# Louisianna saltwater license??



## KKrueger (May 1, 2017)

Headed to Venice this weekend for three days of fishing.

I see the annual saltwater license would run me $90 and expires in June.  Can I buy three 1 day licenses for $17 each and saltwater fish?  The website is confusing.

I see too that I need the free permit.

Also, any offshore reports or advice?

Thank you!


----------



## spurrs and racks (May 1, 2017)

*give them*

a call

s&r


----------



## KKrueger (May 1, 2017)

Thank you.  I called just now. Sounds like I can do up to 5 consecutive days on the daily license.


----------



## dfhooked (May 1, 2017)

its been very windy. But on the non windy days the fish have been biting based on what I have been seeing.  Are you attempting to go offshore 3 days? Going with a guide?


----------



## KKrueger (May 1, 2017)

Offshore this Friday - Monday if weather cooperates.  Bringing a boat.

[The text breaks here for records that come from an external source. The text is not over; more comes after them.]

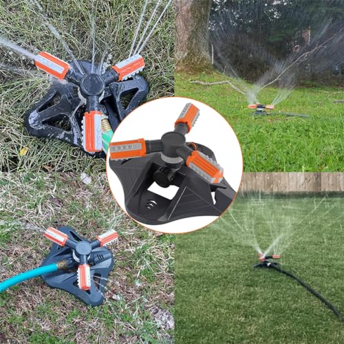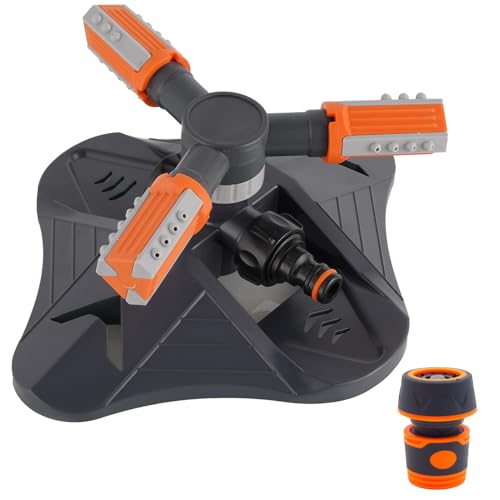 Gartensprinkler Rasensprenger 3Arm Garten Sprenger 360 Grad Automatisch Rotierend Rasen Wassersprinkler mit Schnellkupplung Sprinklerkopf für Bewässerungsanlagen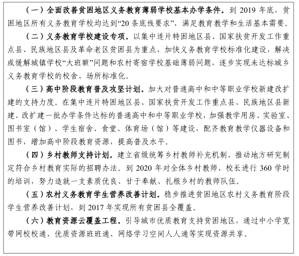 改善办学条件。实施基础教育巩固提升计划,合理布局贫困地区农村中小学校,全面改善贫困地区义务教育薄弱学校基本办学条件,加强农村寄宿制学校建设,办好确需保留的村小学和教学点,建立城乡统一、重在农村的义务教育经费保障机制。到2018年,完成"全面改薄",2020年彻底改善7000多所非完全小学和教学点的基本办学条件。切实推进农村公办幼儿园建设,不断扩大学前教育覆盖面。引导和鼓励在人口较为集中的贫困村建设普惠性幼儿园,其他贫困村通过乡镇中心幼儿园办分园、小学附设学前班,建立巡回支教点、社会力量办园等方式发展学前教育,优先保障贫困家庭适龄儿童接受学前教育。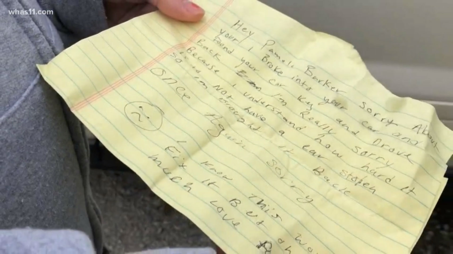 The note reads, “Sorry about your car. I broke into your car and found your car keys and drove. I’m really sorry because I understand how hard it is not to have a car so I brought it back. Once again sorry. I know this won’t fix it but oh well. Much love for you.”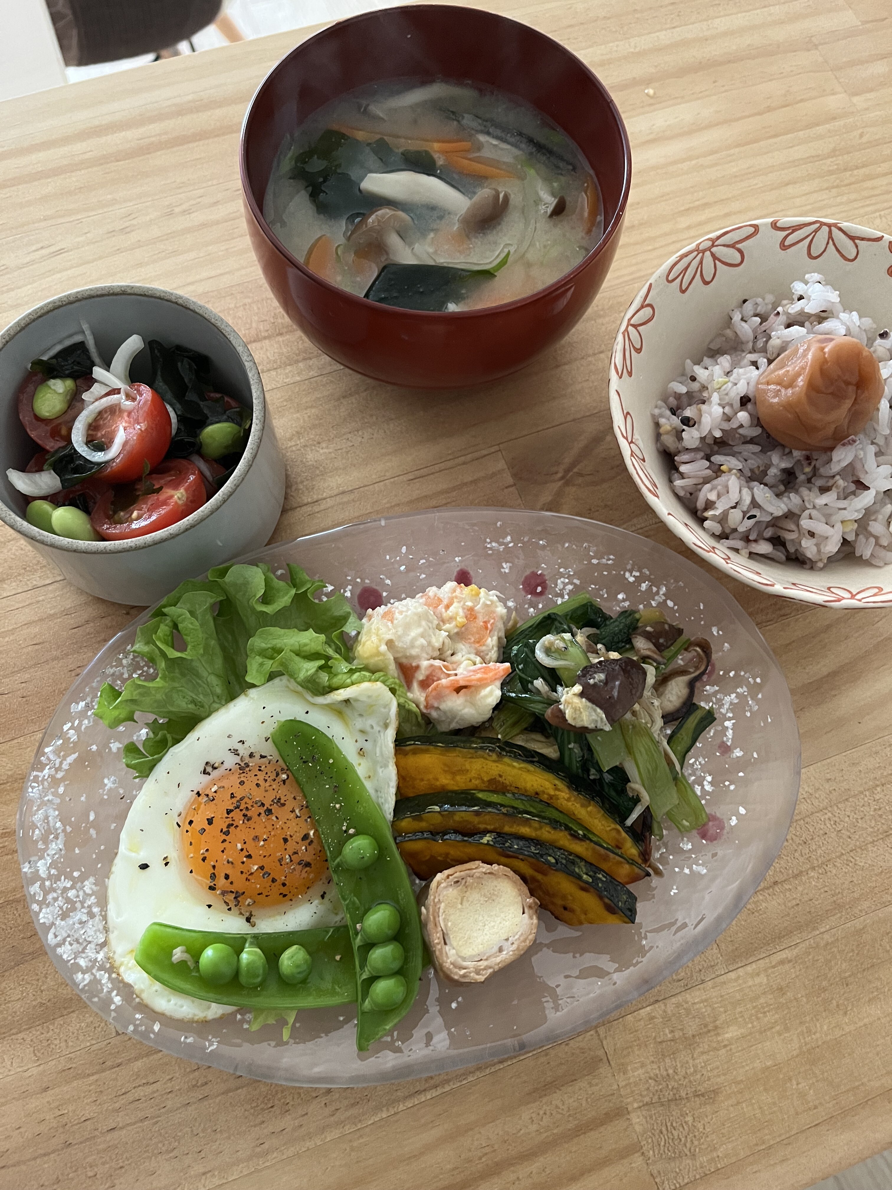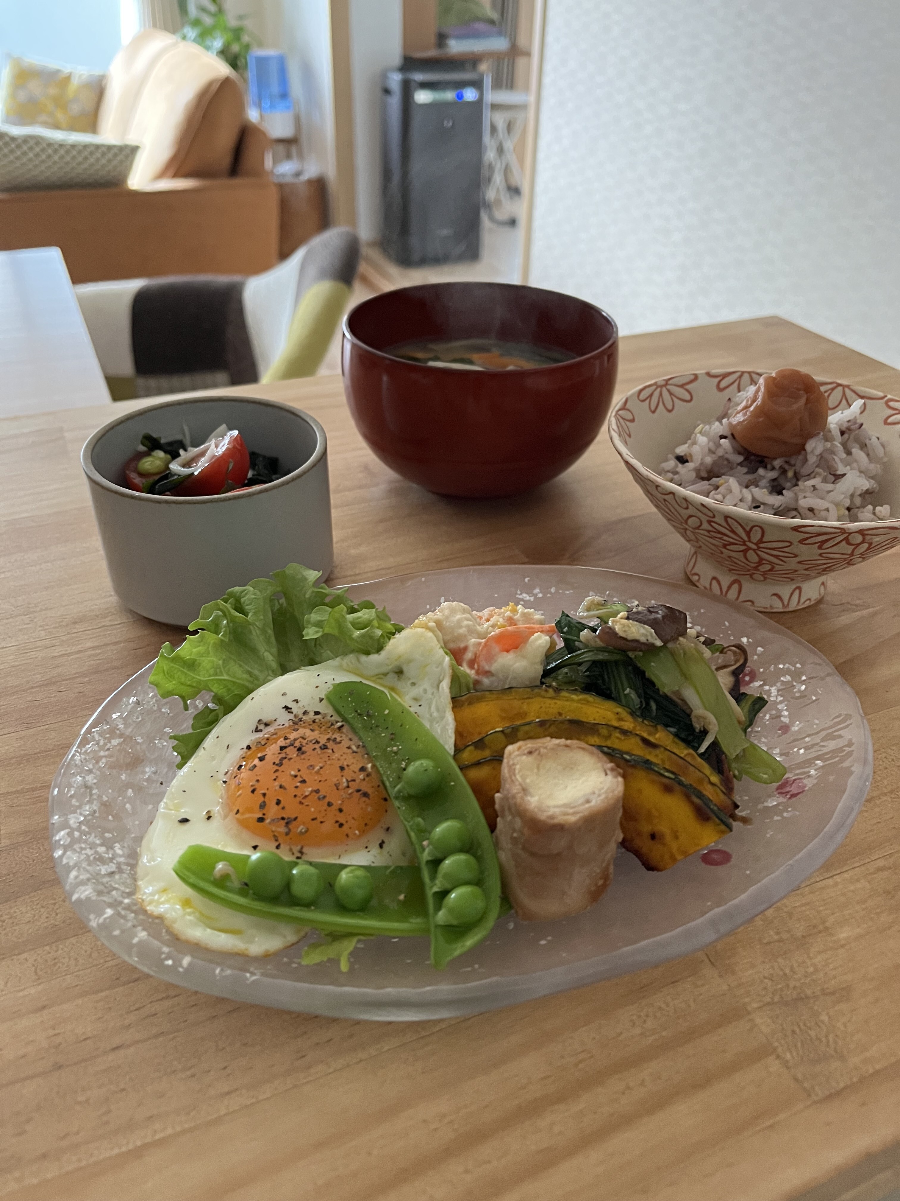 目玉焼きと味噌汁作って
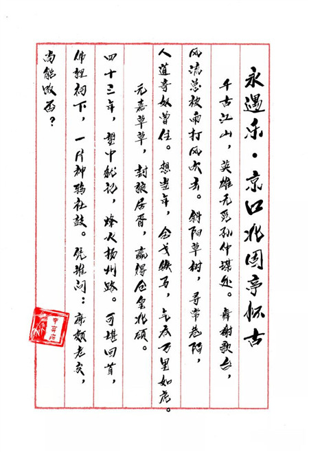 千古江山,英雄无觅孙仲谋处。舞榭歌台,风流总被雨打风吹去。

The guys I'm riding with go frequently.  No guide.


----------



## kevbo3333 (May 3, 2017)

Post some pics when you get back


----------



## KKrueger (May 10, 2017)

This site is so clumsy for uploading pics, but... we had a great trip.  Day 1 stayed in state waters and got 4 species of snapper.
Day 2 went SE and got into multiple cobia and several very large amberjack, finally left because all we were getting was AJ's that are out of season in Fed waters.
Day 3 headed to the Lump. Found blue water and tons of small mahi mahi. Again left due to insane numbers of large AJ's and sharks. We did have a school of yellowfin run under the boat but no hookups.

Bait was tough for us to get but we were able to get enough each day with some effort.

Great trip and a full freezer. This was my first trip to Venice and I feel like I'm going to be a regular.


----------